▸ **Assignment**: The lines running from the one that contains "Liberty Pumps ASCENTII-MUW" to the end of the records below are what to reproduce, exactly and without pictures.

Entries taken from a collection
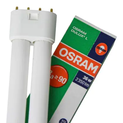 Osram DULUX L 36W/954 2G11 Lumilux DE LUXE Daylight! light bulbs are fluorescent 4 pin socket lamps that offer unprecedented reliability. They are characterized by an ultra long life span and optimum light performance for long length lighting. Early failures are reduced. They are used with electromagnetic or HF electronic control equipment.
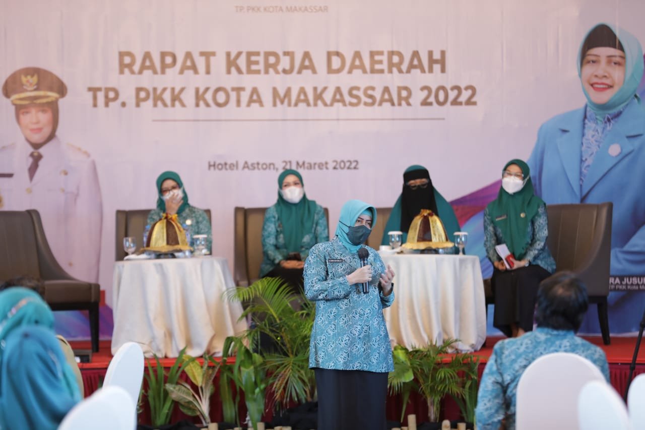 Tim Penggerak PKK Kota Makassar, gelar Rapat Kerja Daerah (Rakerda) Tahun 2022, yang digelar di Hotel Aston, Senin (21/03/2022).
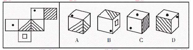 解析 显然可见A展开后,三面位置关系与平面图形中一致,A可由题图折叠而成;B中左右侧面应是相对面,故不能由题图折叠而成;C中,若假定右侧面是正确的,则显然可见左侧面中黑点位置与题图不符;D中,左右侧面的位置关系与题图不符。
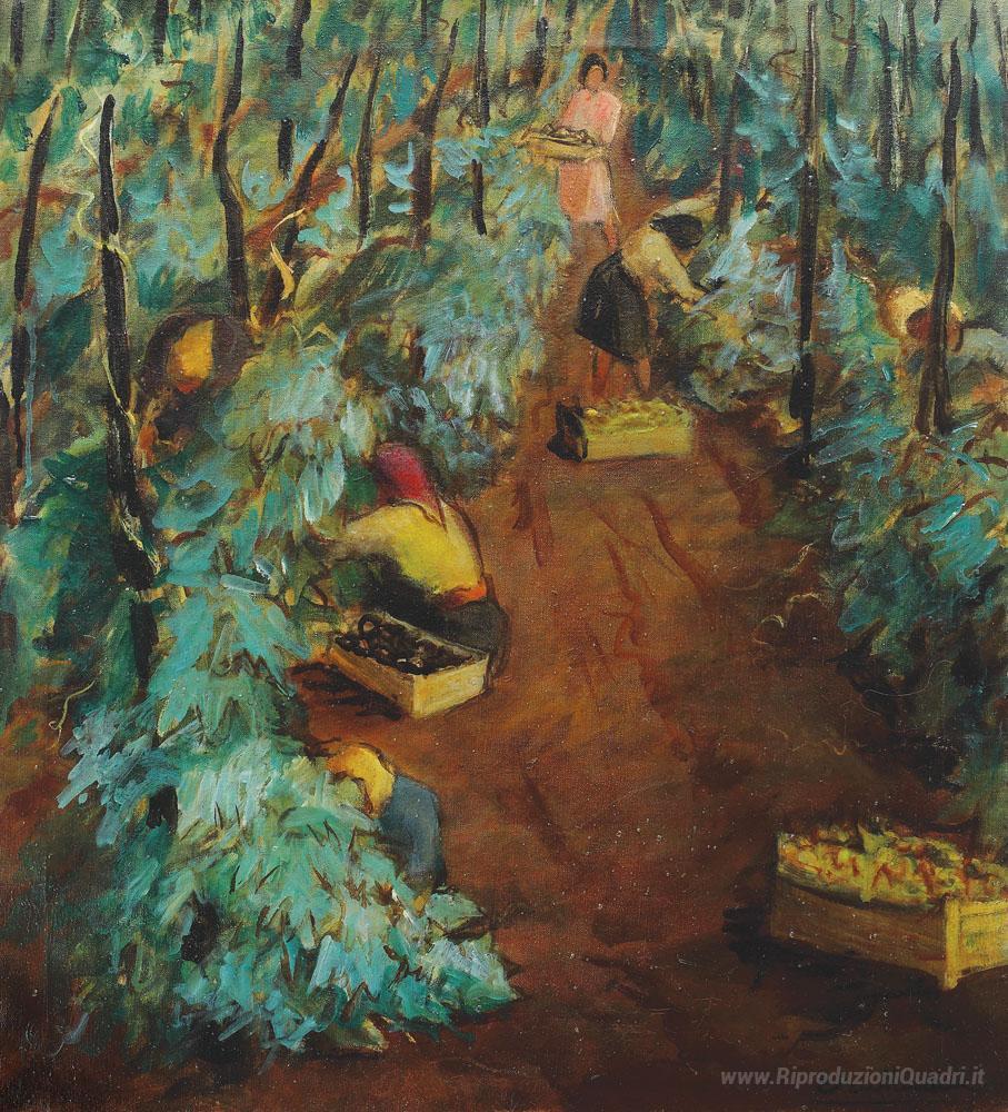 Ti offriamo una riproduzione artigianale su tela dell'opera famosa 'Vineyard Harvest' di Micaela Eleutheriade, dal Museo delle Riproduzioni.
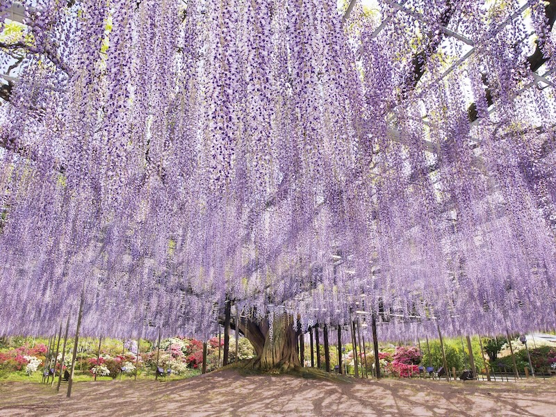 足利市の「あしかがフラワーパーク」は、CNNから「世界の夢の旅行先」に選ばれたこともある、世界基準の春絶景で知られる場所です。なかでも樹齢160年を超える大藤の棚は圧巻で、約600畳もの広さに広がります。夜のライトアップでは、紫の花が雨のように降り注ぐ幻想的な光景が広がります。
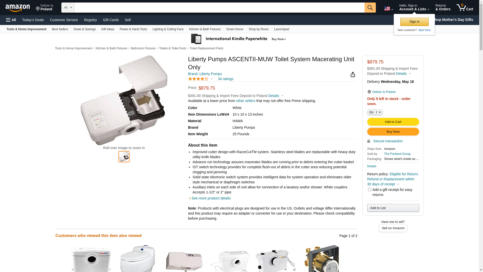 Liberty Pumps ASCENTII-MUW Toilet System Macerating Unit Only
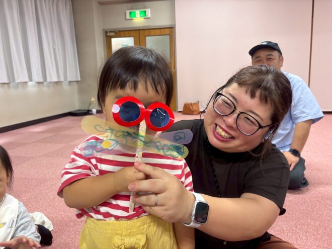 運動会ごっこで体を動かして、トンボのメガネを作りました。
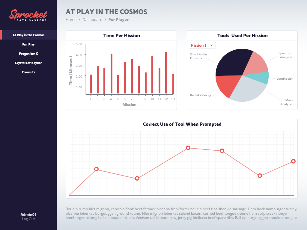 The core purpose of Sprocket is to provide data collection services to games created by Gear Learning. Through a unique method of hierarchical data tagging, we're able to gather highly specific information about a player's actions. Doing so allows us to gain insight into why a player clicking "Button A" in "Mission 1" and clicking the same button in "Mission 2" might be done for completely different reasons.
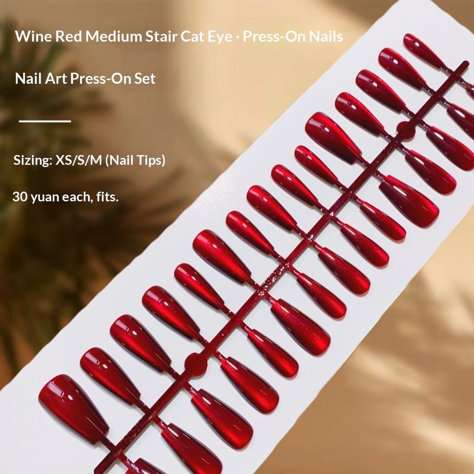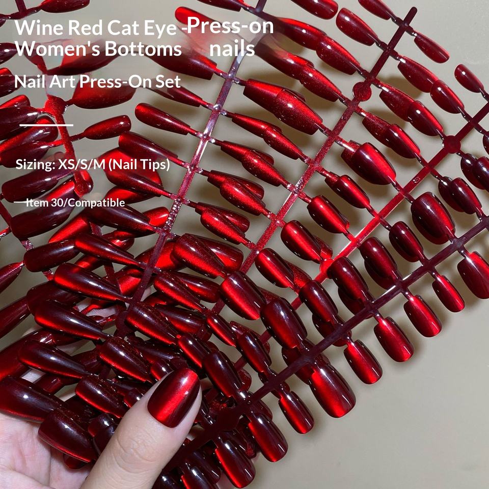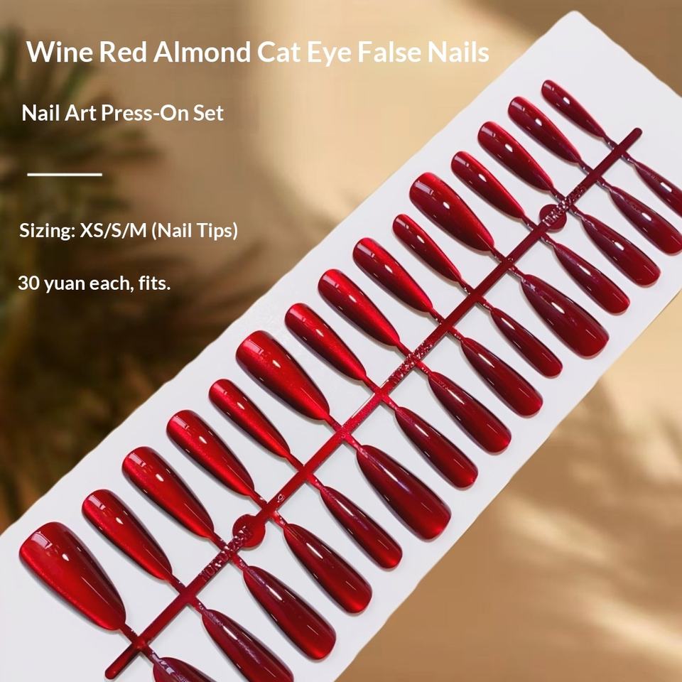 30 faux ongles à presser œil de chat rouge bordeaux couleur unie pour doigts, sexy, vente en gros, pointures XS/S/M, capsules d'ongles artificiels
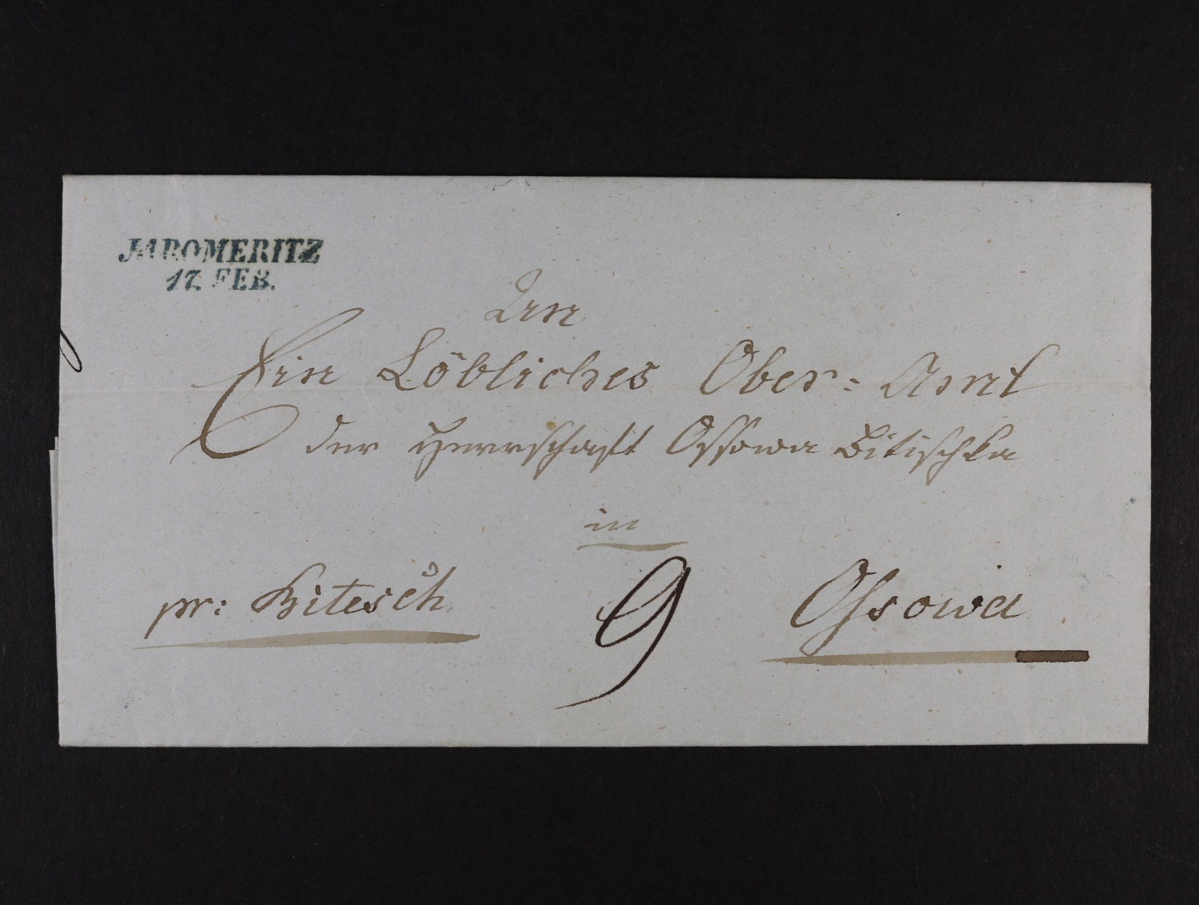 • skl. dopis z r. 1847 s pod. modrým řádkovým raz. JAROMERITZ 17.FEB., velmi dobrá kvalita
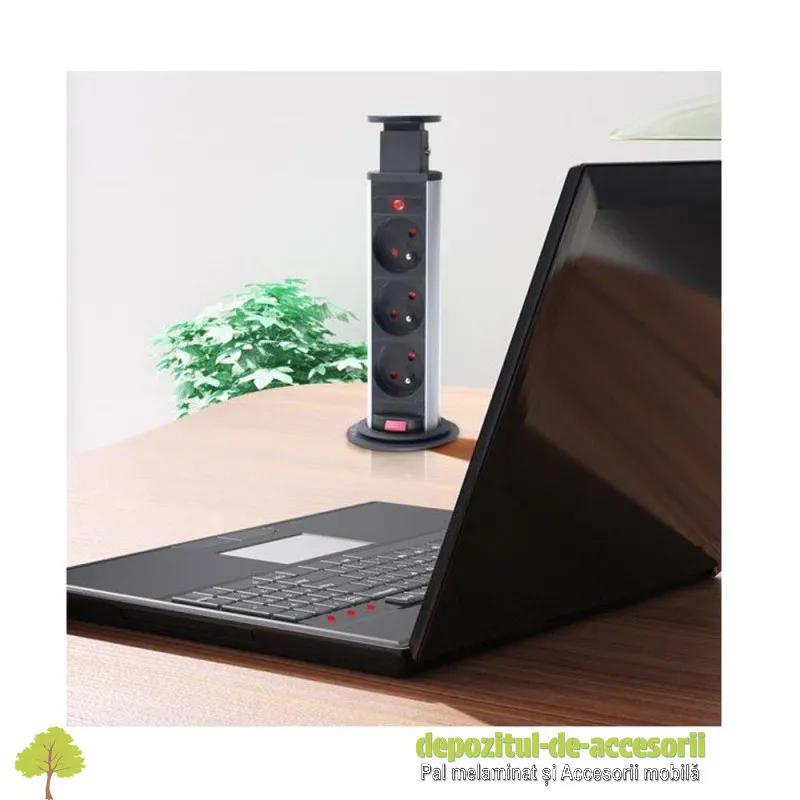 AutentificarePriza mobila retractabila LIFT BOX- 3 prize negru: LIFT BOX este o priză de mobilă modernă folosită în mobilierul de birou și bucătărie.
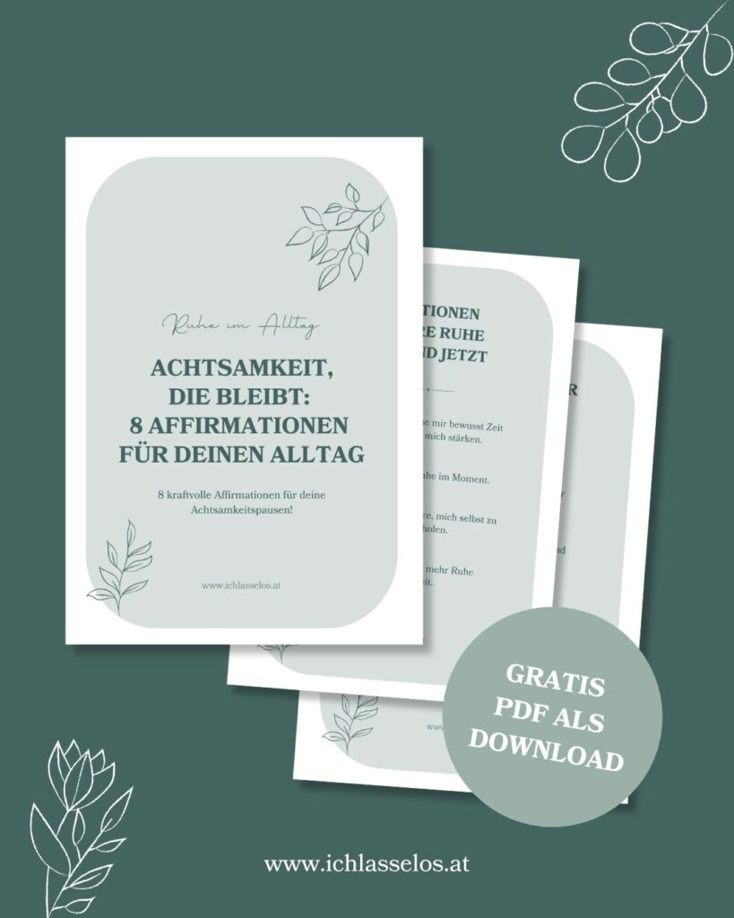 Hol dir jetzt deinen kostenlosen Download mit 8 kraftvollen Affirmationen, die dir helfen, mehr Achtsamkeit und Ruhe in deinen Alltag zu bringen. Drucke sie aus, hänge sie sichtbar auf und lass dich täglich daran erinnern, achtsam zu sein.
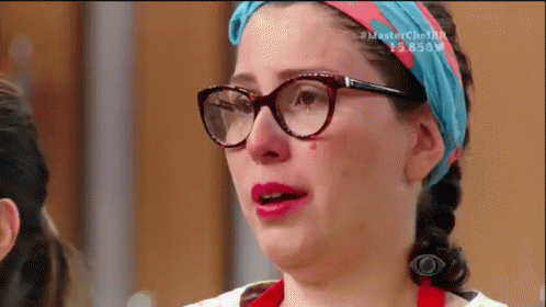 A MasterChef Brazil contestant, wearing glasses and a blue headband, cries with emotion, expressing 'Que Alívio'.
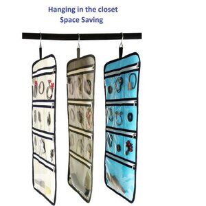 🧿Closet hanging jewelry organizer with high quality zippers run across each row of pockets, differ from messy jewelry boxes, keeps jewelry secure and free of dust.

▸ **Answer to the exercise**:
 Liberty Pumps ASCENTII-MUW Toilet System Macerating Unit Only
 運動会ごっこで体を動かして、トンボのメガネを作りました。
 The core purpose of Sprocket is to provide data collection services to games created by Gear Learning. Through a unique method of hierarchical data tagging, we're able to gather highly specific information about a player's actions. Doing so allows us to gain insight into why a player clicking "Button A" in "Mission 1" and clicking the same button in "Mission 2" might be done for completely different reasons.
 30 faux ongles à presser œil de chat rouge bordeaux couleur unie pour doigts, sexy, vente en gros, pointures XS/S/M, capsules d'ongles artificiels
 • skl. dopis z r. 1847 s pod. modrým řádkovým raz. JAROMERITZ 17.FEB., velmi dobrá kvalita
 AutentificarePriza mobila retractabila LIFT BOX- 3 prize negru: LIFT BOX este o priză de mobilă modernă folosită în mobilierul de birou și bucătărie.
 Hol dir jetzt deinen kostenlosen Download mit 8 kraftvollen Affirmationen, die dir helfen, mehr Achtsamkeit und Ruhe in deinen Alltag zu bringen. Drucke sie aus, hänge sie sichtbar auf und lass dich täglich daran erinnern, achtsam zu sein.
 A MasterChef Brazil contestant, wearing glasses and a blue headband, cries with emotion, expressing 'Que Alívio'.
 🧿Closet hanging jewelry organizer with high quality zippers run across each row of pockets, differ from messy jewelry boxes, keeps jewelry secure and free of dust.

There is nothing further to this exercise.